**Assignment:** Below is a listing with pictures. Repeat exactly the lines starting at the one holding "Khi bạn đang" and going on through the one holding "行程:塔尔寺 - 拉脊山", and leave every picture out.

_____

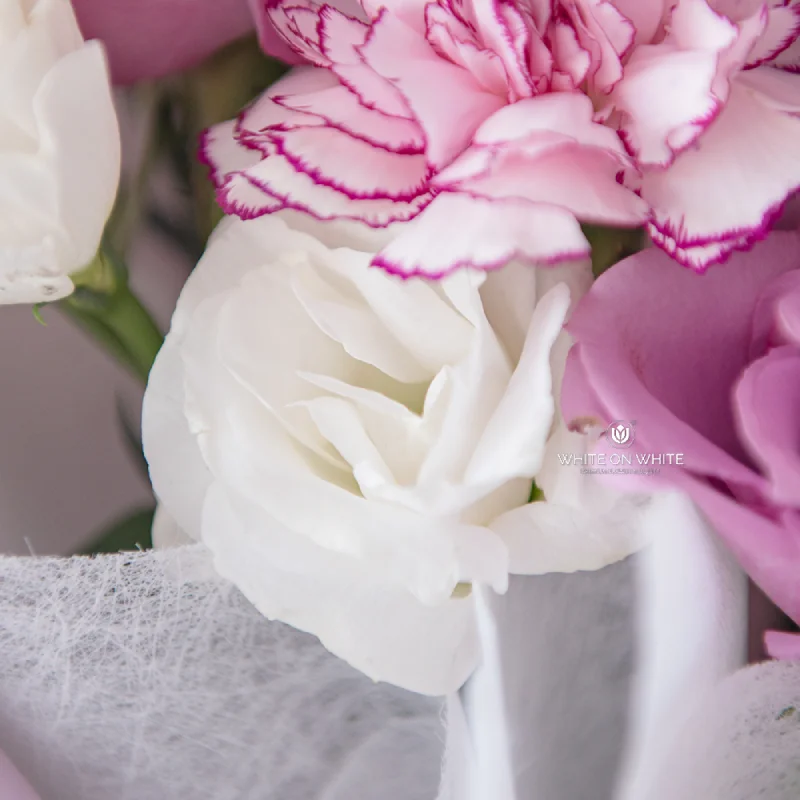 - To balance the vibrant purples, soft White Eustoma blooms add purity and elegance, creating harmony within the bouquet.
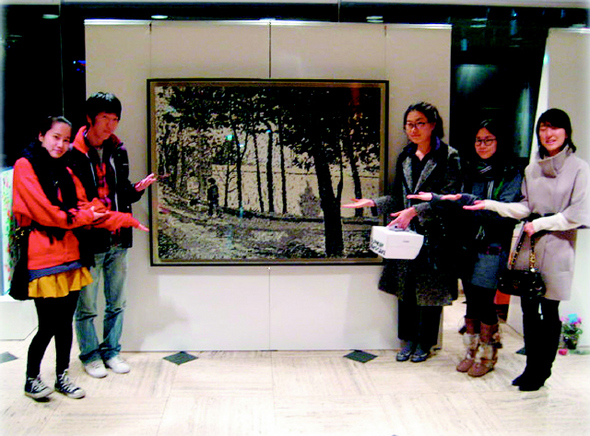 AOA 회원인 한국화 아티스트 김소리양의 전시회 모습. 왼쪽부터 우예림씨의 여동생인 우예진, 김규철, 문소원, 김수민, 김소리. AOA 제공
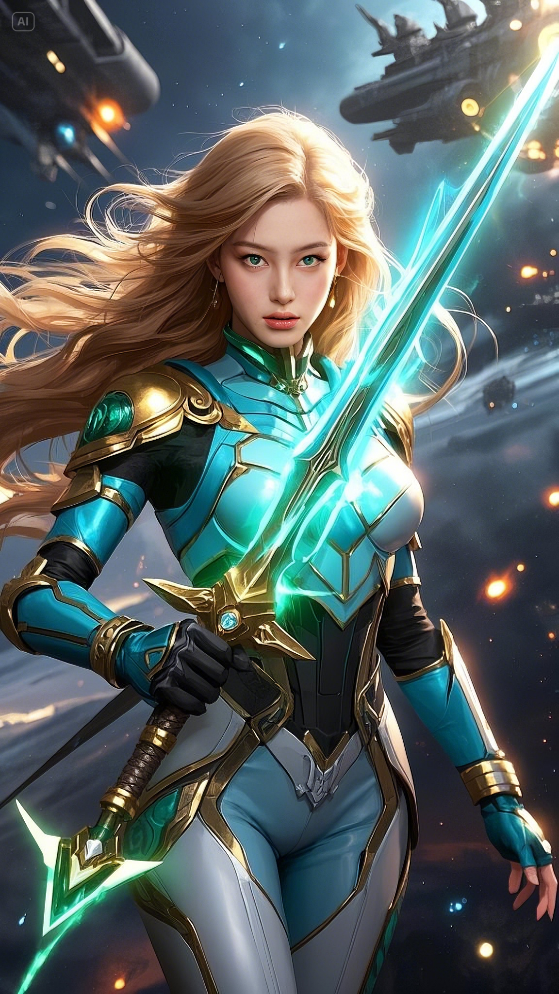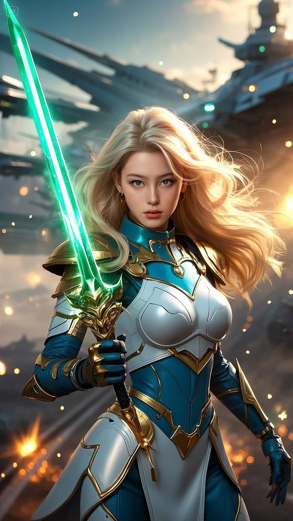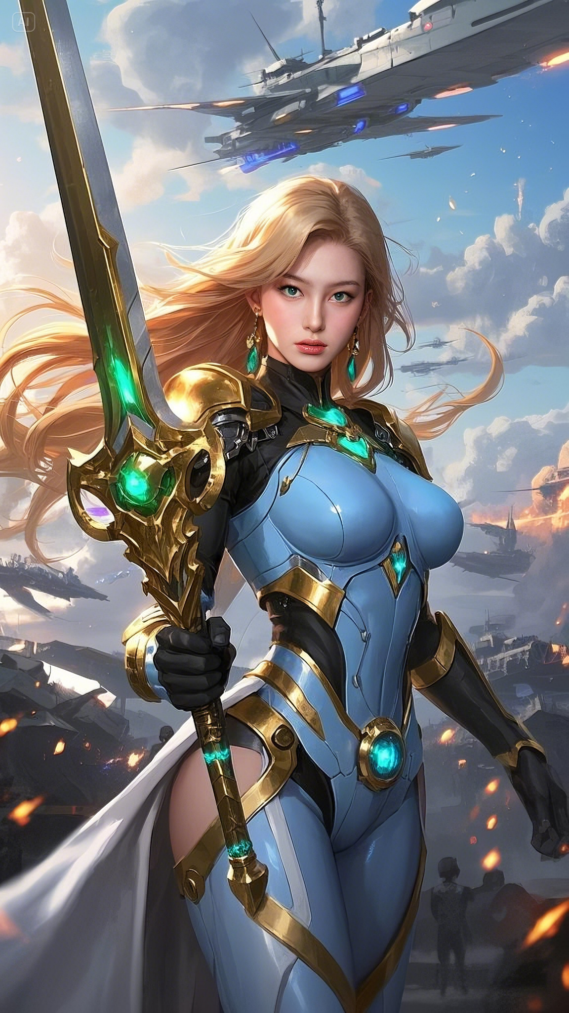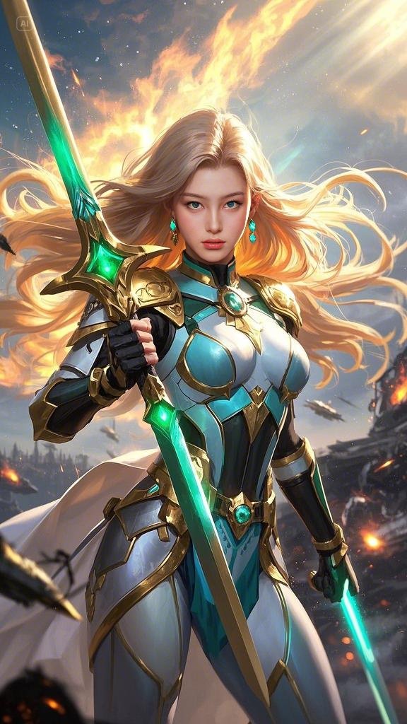 Seraphina, the Guardian of the Celestial Order, gripped her sword tightly, the ethereal glow of its emerald core pulsing with untamed energy. She was clad in the finest armor ever forged, a fusion of golden celestial steel and energy-reactive fabrics, crafted by the ancient Hermes artificers. The fabric clung to her form, lightweight yet resilient enough to withstand the mightiest of enemy weapons. Her cascading golden hair, kissed by the cosmic winds, flowed behind her like a celestial river.
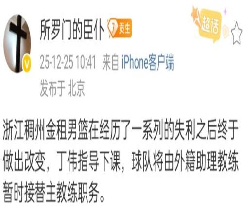 而开局1胜4负的浙江男篮也选择了不继续等待,CBA名帅丁伟确定下课,目前球队暂时由外籍教练带队,对于丁伟来说,夏天刚带领浙江男篮拿到了全运会的银牌,新赛季这么快就下课恐怕也是有点意外。
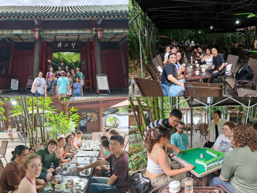 本次国际课程周,为增强本科生中华优秀传统文化传播、本科特色人才培养,校教务处与Mksport体育完成了首次合作。教务处通过选拔基础学科拔尖员工担任志愿者,深度参与Mksport体育国际课程周职工不同语言文化主题的操练,同时加深学科交流。上周五基础学科拔尖员工志愿者们随Mksport体育的移动课堂同美国同学一起走进望江公园,了解公园闻名遐迩的历史。走进公园后,同学们相互交流这种大量生长于四川的独特植物-竹,感受它的外貌和代表的精神特质,参观公园内竹制作的艺术作品,漫步竹林,体悟中国文化符号的意境。然后,他们来到公园的茶馆,坐在竹林里跟普通市民一样喝茶嗑瓜子,在川大同伴的指导下学习如何打麻将。
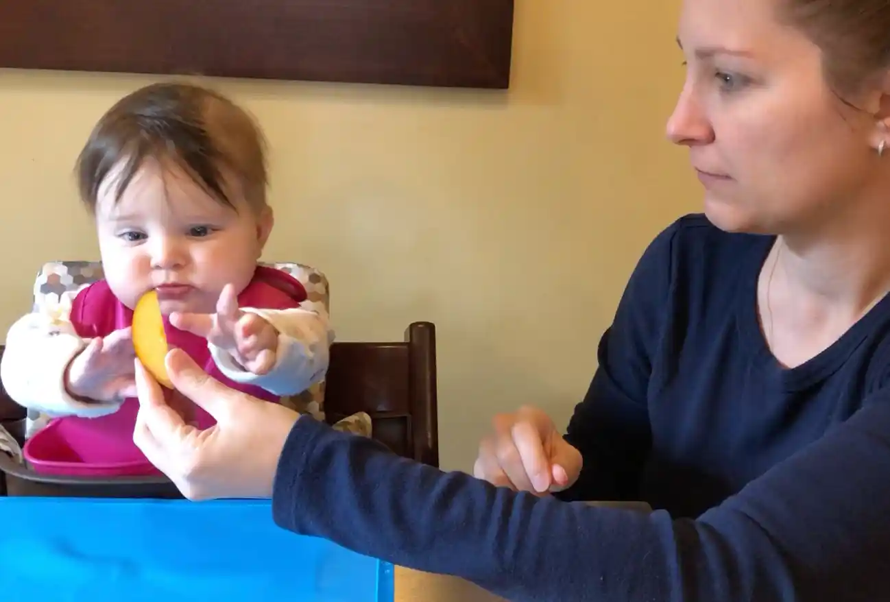 Beth, 6 months old, and her mother practice responsive spoon feeding.
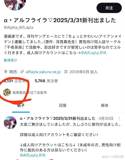 最近X平台(也就是原来的Twitter)上发生了一件“偷看没关门”的名场面。22岁的日本美女声优高尾奏音,被网友发现居然关注了一个18X账号。
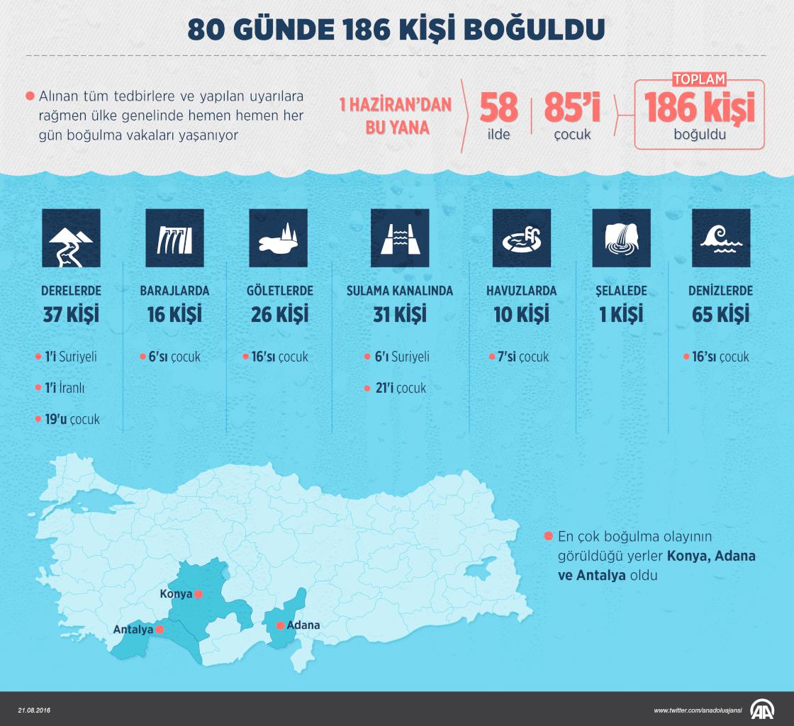 Yurt genelinde etkili olan sıcaklardan bunalanların serinlemek için girdikleri deniz, göl ve kanal gibi yerlerde 80 günde 85'i çocuk 186 kişi yaşamını yitirdi. ( Yasin Demirci - Anadolu Ajansı )
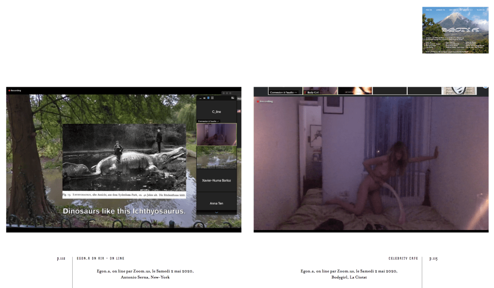 Parution dans la revue Celebrity cafe #04 au sujet de Egon.a online du 2 mai 2020. Pandémie et Lockdown et présentation de la revue et de Egon.a au Générateur.
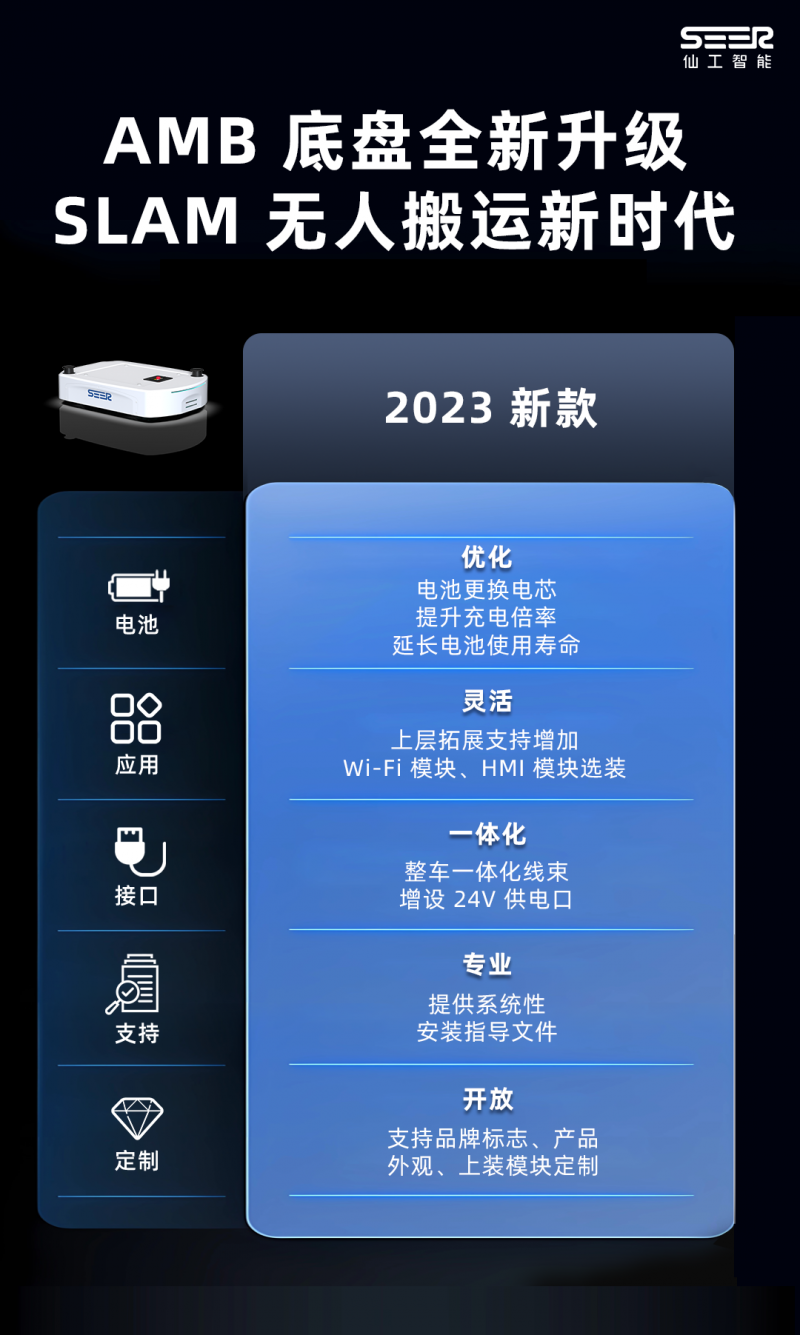 2023 新款 AMB 底盤是對移動機器人通用底盤的再一次全新升級,其功能優化緊密貼合了機器人制造廠商的實際需求。
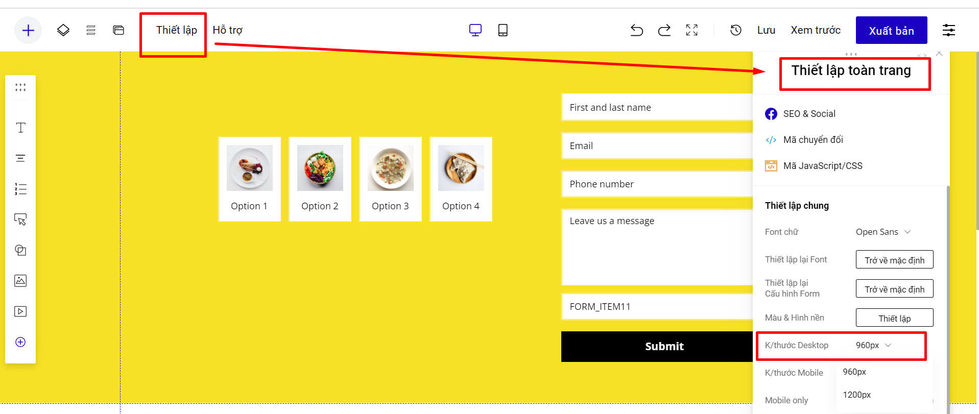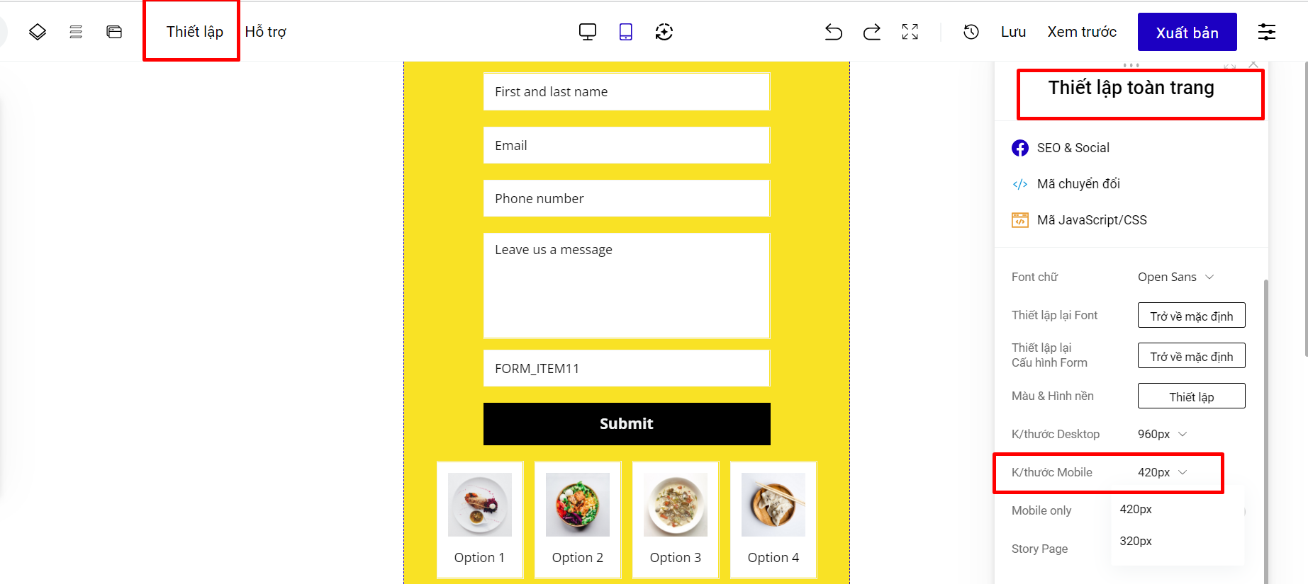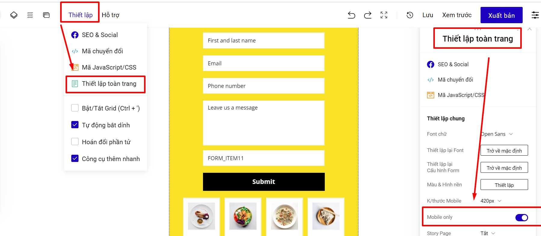 Khi bạn đang ở chế độ thiết kế Responsive, bạn có thể thay đổi để chuyển sang giao diện Mobile Only theo hướng dẫn: vào mục **Thiết lập** ở menu trên cùng và chọn **Thiết lập toàn trang**. Sau đó bật chế độ Mobile only.
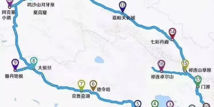 行程:塔尔寺 - 拉脊山 - 日月山 - 青海湖二郎剑景区 - 茶卡盐湖 - 环湖西路 - 仓央嘉措文化广场 - 大冬树山垭口 - 卓尔山 - 阿柔大寺 - 张掖七彩丹霞旅游景区 - 嘉峪关关城 - 长城第一墩 - 莫高窟 - 鸣沙山月牙泉
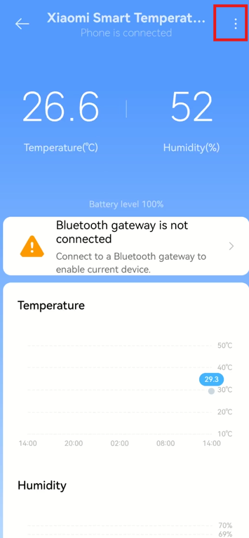1. หลังจากเชื่อมต่อ Xiaomi Smart Temperature and Humidity Monitor 3 กับแอป Mi Home/Xiaomi Home แล้ว ให้แตะ [Xiaomi Smart Temperature and Humidity Monitor 3] แล้วคุณจะเห็นหน้าแรก
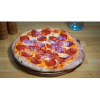 Blat Pizza 250 g ,Sos rosii 30 g ,Mozzarella 200 g ,Salam Picant 50 g , Ardei iute 40 g ,C... Detalii

_____

**Solution to this task:**
 Khi bạn đang ở chế độ thiết kế Responsive, bạn có thể thay đổi để chuyển sang giao diện Mobile Only theo hướng dẫn: vào mục **Thiết lập** ở menu trên cùng và chọn **Thiết lập toàn trang**. Sau đó bật chế độ Mobile only.
 行程:塔尔寺 - 拉脊山 - 日月山 - 青海湖二郎剑景区 - 茶卡盐湖 - 环湖西路 - 仓央嘉措文化广场 - 大冬树山垭口 - 卓尔山 - 阿柔大寺 - 张掖七彩丹霞旅游景区 - 嘉峪关关城 - 长城第一墩 - 莫高窟 - 鸣沙山月牙泉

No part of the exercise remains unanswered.